The query above will probably generate some slight differences, even when the default channel grouping is not already adjusted in the Google Analytics user interface. You can check this in Admin > Channel Settings > Channel Grouping. Whenever you see System defined just follow the default definition for this channel.

If the default channel grouping in your Google Analytics view is already customised for some channels, you'll have to add all additions on top of the default logic.

Here you are not limited by the building blocks that are already in the query: you can add any combination of conditions you want.
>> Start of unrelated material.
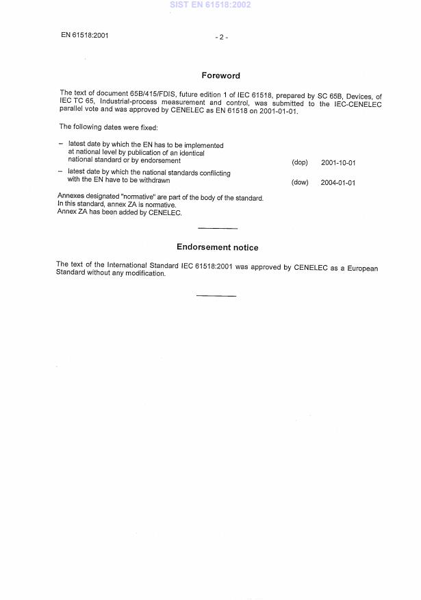 - Reference to corrigendum: Incorporates amendments published in the February 2002 corrigendum to IEC 61518:2001.

In the Google Analytics user interface there is a possibility to make a distinction between Generic and Branded Paid Search traffic. Although the query type is not available in our BigQuery export, we can use some custom logic if the campaign names are set up in a consistent manner. In this example branded paid search always has the word brand in the campaign title:

with date_range as (
  select
    '20160801' as start_date,
    '20160802' as end_date)
    
select
  channelgrouping as default_channel_grouping,
  case
    when trafficsource.source = '(direct)' and (trafficsource.medium = '(not set)' or trafficsource.medium = '(none)') then 'Direct'
    when trafficsource.medium = 'organic' then 'Organic Search'
    when hits.social.hassocialsourcereferral = 'Yes' or regexp_contains(trafficsource.medium, '^(social|social-network|social-media|sm|social network|social media)$') then 'Social'
    when trafficsource.medium = 'email' then 'Email'
    when trafficsource.medium = 'affiliate' then 'Affiliates'
    when trafficsource.medium = 'referral' then 'Referral'
    when regexp_contains(trafficsource.medium, '^(cpc|ppc|paidsearch)$') and trafficsource.adwordsclickinfo.adnetworktype != 'Content' and lower(trafficsource.campaign) like '%brand%' then 'Branded Paid Search'
    when regexp_contains(trafficsource.medium, '^(cpc|ppc|paidsearch)$') and trafficsource.adwordsclickinfo.adnetworktype != 'Content' and lower(trafficsource.campaign) not like '%brand%' then 'Generic Paid Search'
    when regexp_contains(trafficsource.medium, '^(cpv|cpa|cpp|content-text)$') then 'Other Advertising'
    when regexp_contains(trafficsource.medium, '^(display|cpm|banner)$') or trafficsource.adwordsclickinfo.adnetworktype = 'Content' then 'Display'
  else
  '(Other)'
end
  as custom_channel_grouping,
  count(distinct concat(fullvisitorid, cast(visitstarttime as string))) as sessions
from
  `bigquery-public-data.google_analytics_sample.ga_sessions_*` as sessions,
  unnest(hits) as hits,
  date_range
where
  _table_suffix between date_range.start_date and date_range.end_date
  and totals.visits = 1
group by
  default_channel_grouping,
  custom_channel_grouping
order by
  sessions desc

Now it's your turn!

I hope you've enjoyed this tutorial and feel a bit more confident to utilise your own Google Analytics data in BigQuery. Please let me know if you have any feedback or suggestions to improve the quality of the content.